My ten days on the minumum wage

My ten days on the minumum wage

Remember the other week I announced there's no way on Earth that I'd ever consider going on Big Brother? I still stand by that but what I didn't tell you was that I had a rival reality telly appearance in the pipeline.

My instinct is to blabbermouth the whole story but if I do, the programme makers will probably be very cross with me - especially as it won't be screened till November. So I won't tell you what it is or why I'm on it, but it's not giving too much away to tell you that it involved a week and a half living on the minimum wage in a southern seaside town.

I've just got back and I feel like the experience has changed my life. I'm no stranger to being poor - I built my businesses up from nothing - but it made me think hard about quality of life, friends and family.

I arrived in town penniless, like any travelling job seeker, and took up residence in a caravan - scrounging tea bags and milk, and bread and butter from my neighbours on the site until I could earn some money - being filmed all the while.

Then I got a job delivering meals on wheels, which I loved because I got to chat to all the elderly and disabled people including a lady who'd had a stroke 30 years previously and had been in a wheelchair able only to communicate with a keypad ever since. She'd worked at Harrods in cosmetics as a young woman. She spelled out: "The stroke was my own fault, I shouldn't have overworked myself."

I felt sad and touched and full of admiration for her all at the same time. Totally humbled. For a day's work I collected about £36. I needed £20 to pay for my caravan, which left a few pounds to buy potatoes and baked beans for tea - a perk of being a meals on wheels man is that you get a free lunch and it was excellent stuff, stewed steak and carrots.

I found out, though, that they were changing the system meaning some older folk who'd been entitled to free dinners were going to have to start paying up or going without - which seemed really unfair.

My next job was in a nursing home, caring for elderly people. It was hard, physical work hoisting people up, and it was nice chatting to residents and getting to know them.
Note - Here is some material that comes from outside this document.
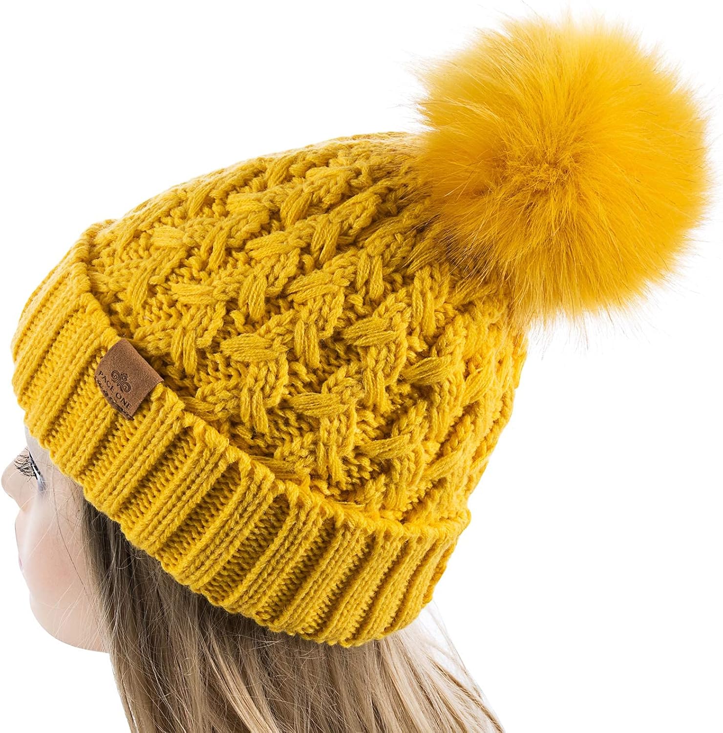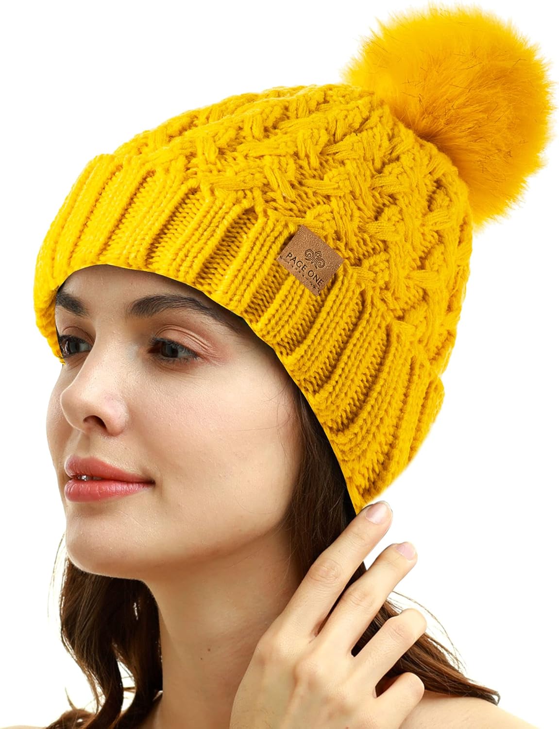 PAGE ONE Womens Winter Ribbed Beanie Crossed Cap Chunky Cable Knit Pompom Soft Warm Hat

It made me think about how the elderly get neglected in society and how many don't seem to have many friends around them in their final years.
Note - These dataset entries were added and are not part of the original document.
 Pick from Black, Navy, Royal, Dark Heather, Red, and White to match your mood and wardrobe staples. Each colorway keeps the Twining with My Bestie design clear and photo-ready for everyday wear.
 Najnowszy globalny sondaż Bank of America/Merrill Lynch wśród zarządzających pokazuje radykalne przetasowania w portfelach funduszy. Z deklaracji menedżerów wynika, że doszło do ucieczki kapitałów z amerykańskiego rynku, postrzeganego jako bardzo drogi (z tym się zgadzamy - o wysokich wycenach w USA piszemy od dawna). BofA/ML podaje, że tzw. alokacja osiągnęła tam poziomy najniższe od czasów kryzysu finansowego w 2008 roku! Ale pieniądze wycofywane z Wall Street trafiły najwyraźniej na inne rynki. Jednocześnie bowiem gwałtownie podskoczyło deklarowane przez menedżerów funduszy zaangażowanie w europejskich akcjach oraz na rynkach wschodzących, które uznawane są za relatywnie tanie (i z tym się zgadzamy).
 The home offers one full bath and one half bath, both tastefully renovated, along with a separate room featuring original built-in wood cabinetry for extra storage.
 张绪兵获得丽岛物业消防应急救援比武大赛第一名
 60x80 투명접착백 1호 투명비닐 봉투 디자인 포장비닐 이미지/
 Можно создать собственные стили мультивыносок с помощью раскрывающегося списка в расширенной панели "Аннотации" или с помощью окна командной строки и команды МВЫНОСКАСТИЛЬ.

Much less emotionally gruelling was a stint in a chip shop peeling the potatoes and putting them through the slicing machine and serving customers, who I found myself interviewing to pass the time.

I was fascinated that in this seaside town, they put the fish in the tray first and the chips on top.
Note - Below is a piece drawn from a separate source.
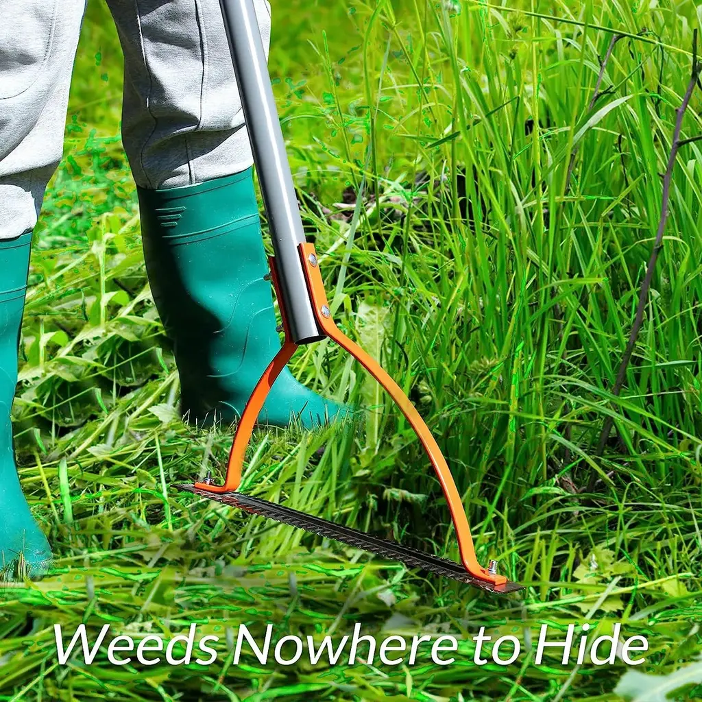 Double-edged Serrated Blades: With each swing, Walensee weed grass cutter with a serrated double-edged steel blade is sharp enough to easily trim grass and overgrown weeds in the yard, garden, lawn, fields, and ditches. The blade is 14 inches long and is suitable for wider extensions, it can work in both forward and backward motion. The serration on the blade's double edge increases efficiency by cutting tall growth with effectiveness for uneven garden and fence line where mower will not fit. Durable Material: Walensee weed cutter serrated blade is made of high-grade stainless steel that has been precisely sharpened and can readily cut through overgrown grass and thick weeds. It's strong and ready to handle all of your cuttings. You don't need to worry about it working in rainy day, the steel blade is anti-rust and durable to last for years. It is easily slice through stems of 4 foot tall bull thistle, various and sundry hollow stem weeds of multiple heights in the yard, fields. Ergonomic and Humanized Design: The length of the handle is 30 inches and can help you complete the garden work without bending over. The handle is made of high-quality steel, and it is more durable than wood handle, won't broken. Soft rubber grip allows you to use it for a long time without feeling tired. It is only 3 LBS, is very lightweight, 3 pounds of weight minimizes arm pressure and makes it possible for old people to use the grass cutter easily, and will add joy to your working time. Easy to Assemble and Use: It is easy to assemble the blade of manual grass whip with the instruction and tools provided, the handle can be quickly installed by tighten the locking screw by tools. To use it just need to hold the handle in a golfing position and swing it back and forth as if it were a golf club. The handle is fastened at an angle to make it simpler to cut sod, overgrown weeds, tall grass and bushes. 100% Satisfaction Guaranteed: If you are not completely satisfied with our weed grass cutter, you'll get every penny refunded to you, no questions asked.

"But that'll make the fish soggy!" I protested, and just had to ask every single punter whether they really wanted their fish in first. "Of course," they said, aghast. "That's the way it's done round here."

I have to say by the end of the 10 days I really liked my caravan, despite its rubbish cold shower. But I couldn't wait to get back to Yorkshire for proper fish and chips, the very finest in Britain.

Seriously, the episode made me to decide to enjoy life, relax more and make extra time for friends and socialising. If I'm in that nursing home I want all my mates around me!



Me and Leigh go back a long way

I'm hoping to renew a very old friendship with Leigh Francis, better known as Mr Bo Selecta. I used to be very good mates with his pal Keith, on whom the character Keith Lemon is based.

The pair of them used to come into the Ritzy nightclub in the Merrion centre when I used to DJ. I can't remember that much about Leigh - sorry I have no stories about him skating across the dancefloor with chickens wedged onto his feet like he does in his Wacko Jacko garb in Bo Selecta - but he remembers me.

When I was filming the reality show, the sound man knew I was from Leeds and mentioned that he knew him. I said I did too and that I'd like to get back in touch so he texted Leigh saying: "Do you know Terry George from Leeds?"

He said: "Yes," straight away and said it was ok for his number to be passed on to me. I rang it and got his goofy answering message, imploring me to "please leave a message and have a nice day" in an Avid Merrion type voice, but he hasn't called me back yet. I'll let you know when he does!


Celebs in court - and the clink

You can't pick up a paper without reading about a celeb in court - George Michael, Britney Spears, Paris Hilton. It seems you're not a bona fide A-lister unless you're getting hauled before the beak for some sort of bad behaviour.

However famous you are, and however many favours you can pull in from your friends in high places, you're never above the law. Something tells me that if I were to start trying to poke my camera lens over prison walls in my never-ending celeb-spotting quest, I'll be in the magistrates court myself ... would that be a way to make new high-profile pals?